Po-on
- Book cover for F. Sionil José's Po-on A Novel
- Author: F. Sionil Jose
- Language: English: Po-on (Philippines) or Dusk (USA), Tagalog: Po-on, French: Po-on
- Genre: Historical fiction, War, Romance
- Publisher: Solidaridad Publishing House, Inc. (Philippines), Random House, Inc. (United States), De La Salle University Press (Philippines), Fayard (France)
- Publication date: 1984, 1998
- Publication place: Philippines
- Media type: Hardcover
- Pages: 307
- ISBN: 971-555-267-6 ISBN 978-971-555-267-7 ISBN 978-0-375-75144-8 ISBN 0-375-75144-0
- OCLC: 41452533
- LC Class: MLCME 98/00084 (P)

= Po-on =

Novel by F. Sionil José

Po-on: A Novel is a 1984 novel written by Filipino English language writer, F. Sionil José. This is the original title when it was first published in the Philippines in the English language. In the United States, it was published under the title Dusk: A Novel. It was translated by Lilia F. Antonio into Tagalog.

==Description==
Po-on is the beginning of Rosales Saga of F. Sionil José – a series of novels about Rosales, Pangasinan in the Philippines.
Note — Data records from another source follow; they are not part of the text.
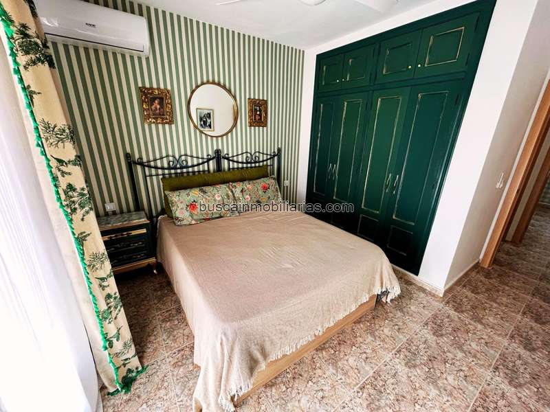 En la planta superior, dispondrá de dos dormitorios, uno amueblado con cama de matrimonio y muebles empotrados, predominando el color verdoso en su decoración, y además, dispone de una terraza ubicada hacia el este donde podrá disfruta de los primeros rayos solares al amanecer. El segundo dormitorio se ofrece sin muebles, ideal para un segundo dormitorio o para instalar un despacho para teletrabajar desde casa.
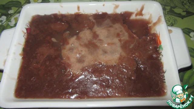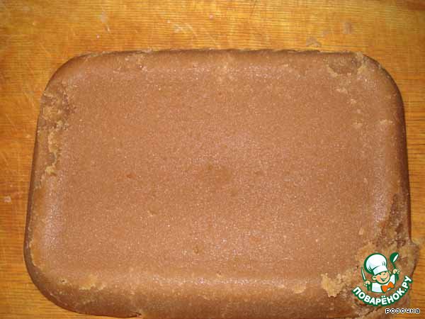 Вылить в форму (я использовала пластмассовый контейнер) и дать постоять, чтобы немного застыл (5-10 минут).
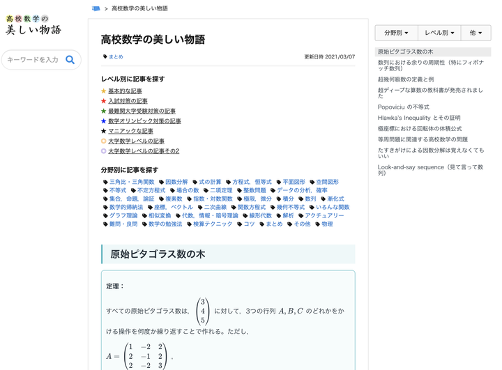 高校数学の美しい物語を学びTimesのサイト内に移転し、管理人様との共同運営を開始しました。 日本一の数学サイト!
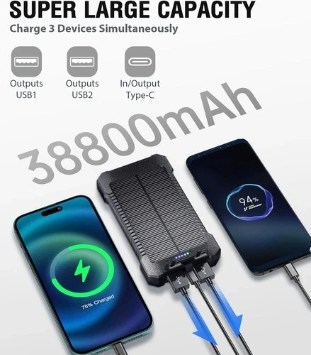 Experience the convenience of charging your devices on the go with this Solar Power Bank. Boasting an impressive 38800mAh capacity, it's ready to power up your smartphone, tablet, or other USB-compatible devices. The integrated solar charger feature allows you to harness sunlight to recharge the bank, making it a practical accessory for outdoor adventures, travel, or emergency situations. Designed with three ports, this portable solar charger can simultaneously charge multiple devices. Its sleek, compact design fits easily into any backpack, ensuring you have a reliable source of power at hand whenever you need it. Whether you're away from home or facing a power outage, this Solar Power Bank is a must-have for keeping your devices charged and running smoothly.
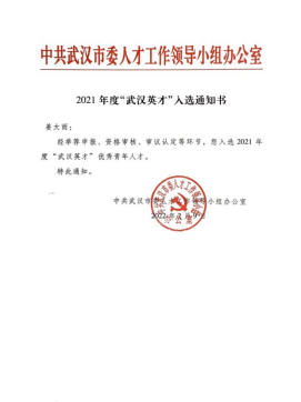 祝贺姜大雨博士入选2021年度“武汉英才”优秀青年人才!
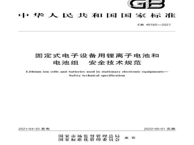 GB 40165-2021 固定式电子设备用锂离子电池和电池组 安全技术规范
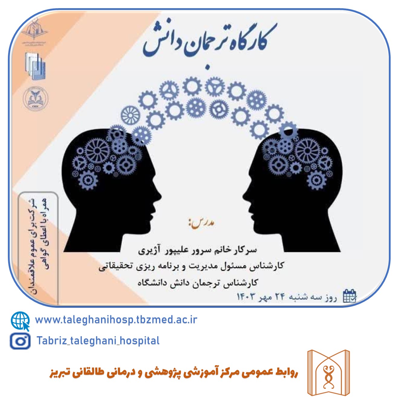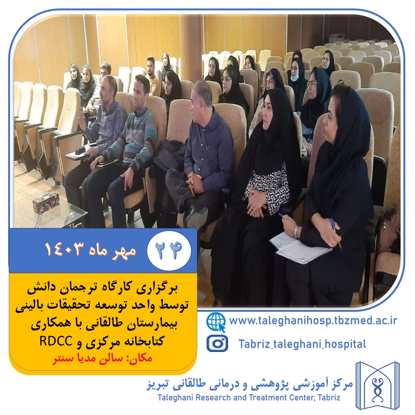 برگزاری کارگاه ترجمان دانش توسط واحد توسعه تحقیقات بالینی مرکز
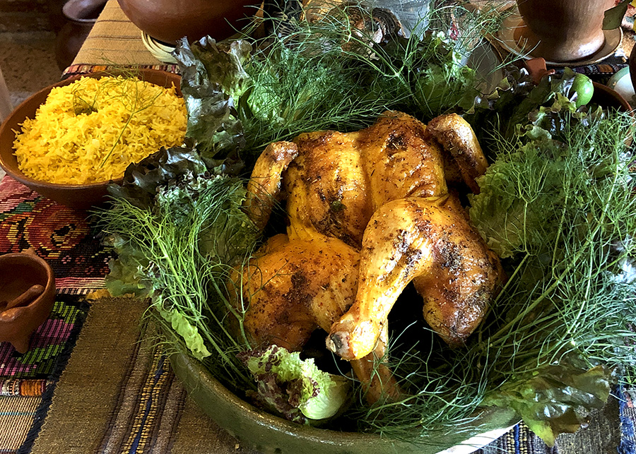 Roast chicken with saffron rice
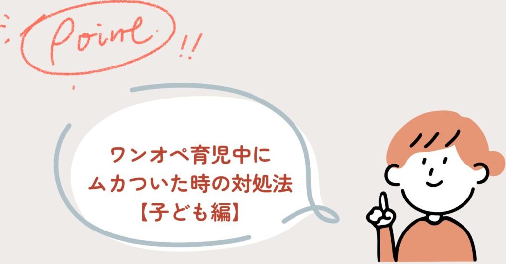 次に、ワンオペ育児中に子どもにムカついた時の対処法も解説しています。
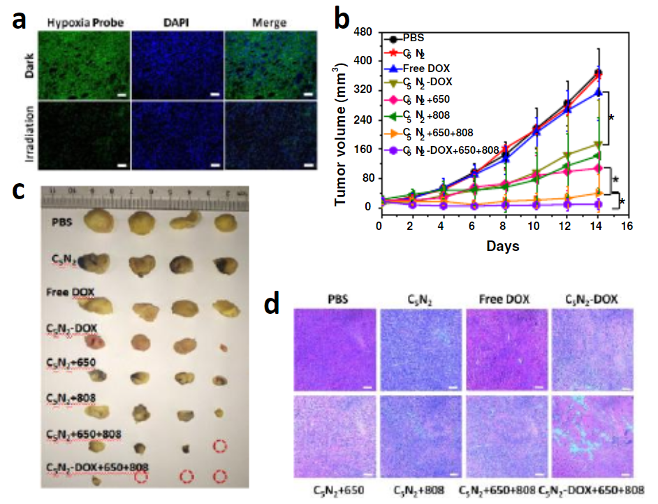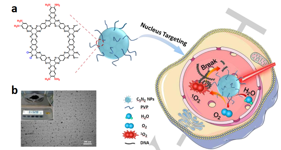 本文要点:(1)实验通过一步法制备了克级C5N2纳米颗粒(NPs)基有机半导体。在650 nm激光照射下,该半导体可裂解水以生成O2,并同时产生单态氧(1O2),表明在该有机半导体中可以同时作为生成O2的光催化剂和产生1O2的光敏剂(PS)。
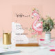Fêtez l'arrivée d'une petite princesse avec cet adorable panneau d'accueil en baby shower flamand rose sur un arrière - plan transparent ! Doté d'un flamant à l'aquarelle charmant portant une couronne fleurie et une tiare dorée, ce design respire l'élégance et le plaisir, ce qui en fait un baby shower tropical, fleuri ou girly. L’affiche est entièrement personnalisable avec le nom de la maman et la date de l’événement.

The Rosales Saga has five parts, all of them individual but interrelated novels, composed namely of the following titles in terms of historical chronology: Po-on, Tree, My Brother, My Executioner, The Pretenders, and Mass. Among José's five-part novel series, the Rosales Saga, "Po-on" was the last to be written and published but the first in terms of story-telling chronology.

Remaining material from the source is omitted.